Please help if there any flag/option or other that might help speed this up... we have 180 TB to shuffle...

hi,
i have never tried these two flags together, not sure of the behavior?
--checkers --no-check-dest
tho we can see from the log that File not found at Destination

did you try these flags?
--size-only
--s3-disable-checksum

maybe this will spark an idea?
https://forum.rclone.org/t/almost-24-hours-cpu-compute-time-during-sync-between-two-large-s3-buckets/39375

Hi.
I have not used those, but I'm sure willing to try it :smiley:
Maybe they are redundant to each other...

Last one was more of a hail mary attempt.

To identify where the issue is I would try to copy from NFS to local folder and then from local folder to S3.

It should tell us if one side of your copy operation is a problem or if it is rclone handling transfer between two remotes issue.

I have for one like 4gb file, and it was faster, like 190mb/s, but no huge difference.

Had some improvement with this, but nothing major.
Got to consistently 115mb/s

we cannot see your screen, no idea what commands you are running and the debug output.

and i would try to figure out if the source and/or the dest is the problem?

Yeah, this is the one I'm running now and it's going better and better...

rclone copy /mnt/regular_backup/ scality:-migration-test/regular_backup/ --fast-list  --progress -vv  --size-only --s3-disable-checksum --transfers 16 --checkers 16 --s3-upload-concurrency 16

Tried with 32 on all but all it did was stress the CPU more and no more speed on transfer

But came up to 140-150mb/s

You can increase --s3-upload-concurrency and --s3-chunk-size but it will come at cost of RAM usage.

Be careful with --transfers here - as easily you can start using 10s of GB of RAM. With big files like you have I would actually lower --transfers and increase s3 params. Many --transfers help with small files.

Here some explanation:

Ah that was a really good summarizing thread, thanks a bunch!
I'll try that out and share the results.

Think I've found a sweet spot that works pretty good for my use case.

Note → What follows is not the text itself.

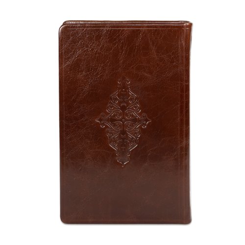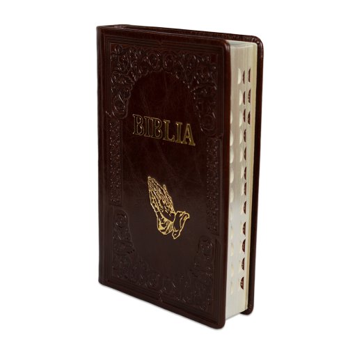 Biblie mare, piele, handmade, culoare maro, index, margini argintii, simbol maini in rugaciune, cuv. Isus cu rosu [SI 076 HM]
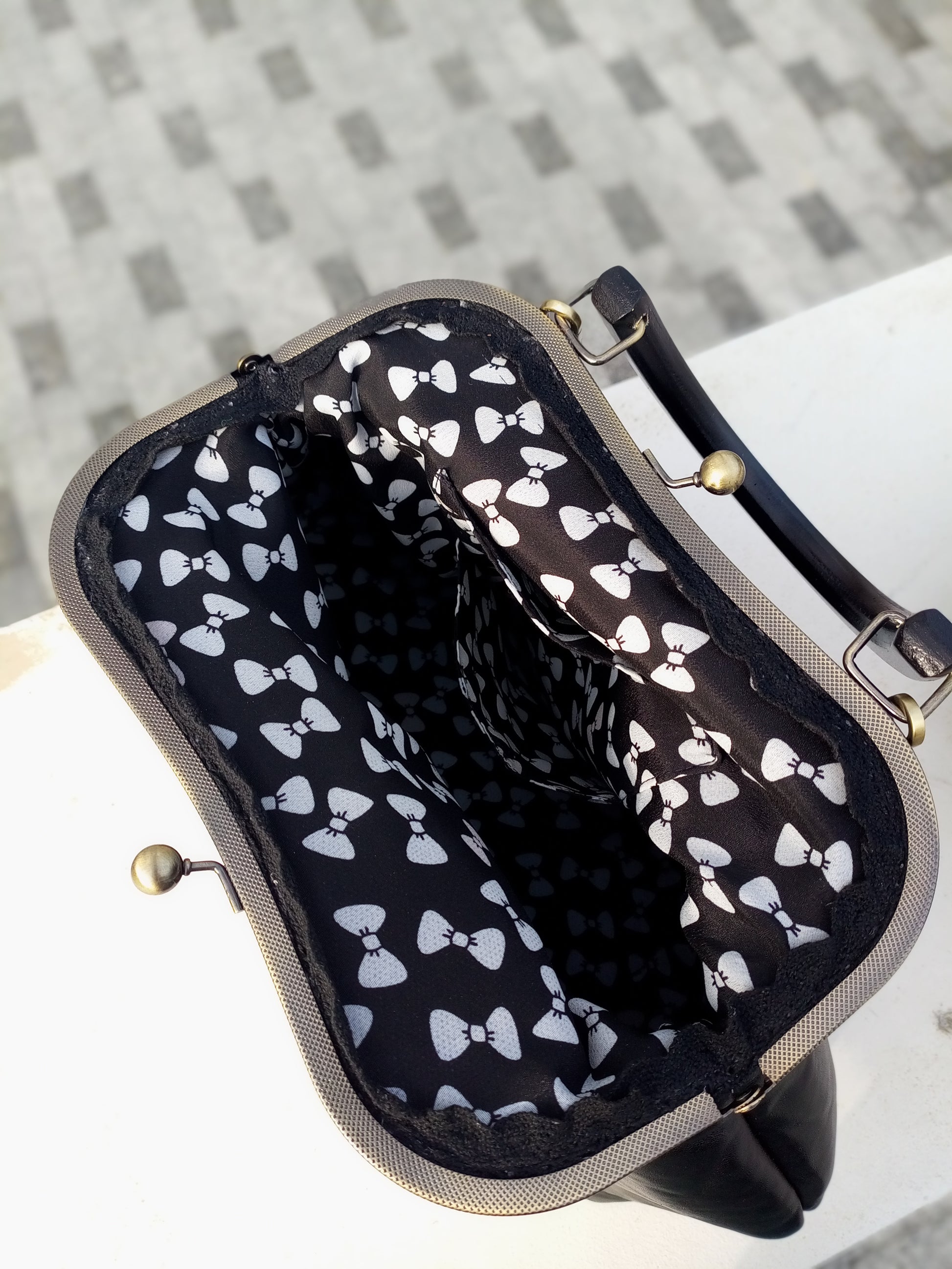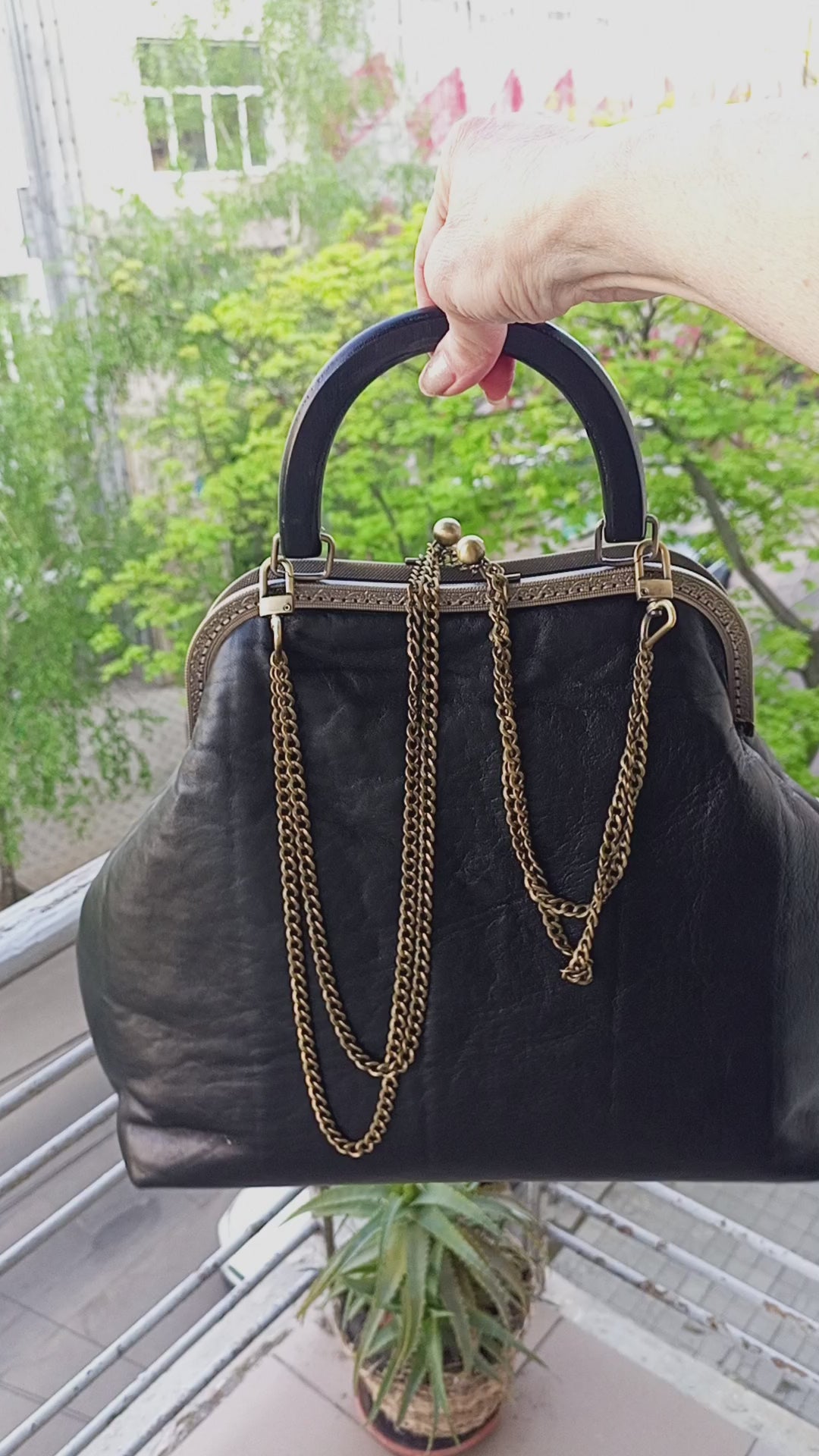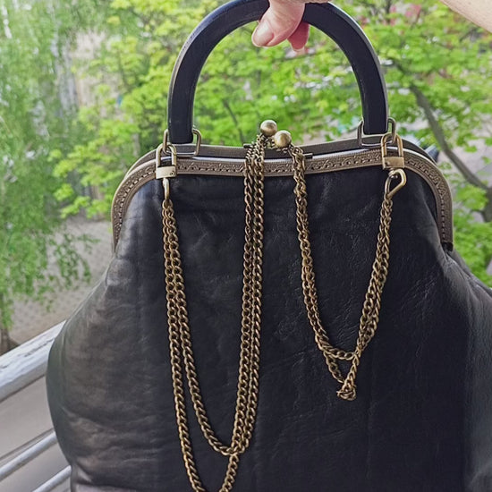 Handmade Black Leather Kisslock Bag – Vintage Clasp Frame Handbag with Chain Strap

rclone copy /mnt/regular_backup/ scality:migration-test/regular_backup/ --fast-list  --progress -vv  --size-only --s3-disable-checksum --transfers 4 --checkers 16 --s3-upload-concurrency 40 --s3-chunk-size 64M --no-check-dest

With this I'm getting upwards to 200 mb/s

Thanks for all help with getting this faster!

This topic was automatically closed 3 days after the last reply. New replies are no longer allowed.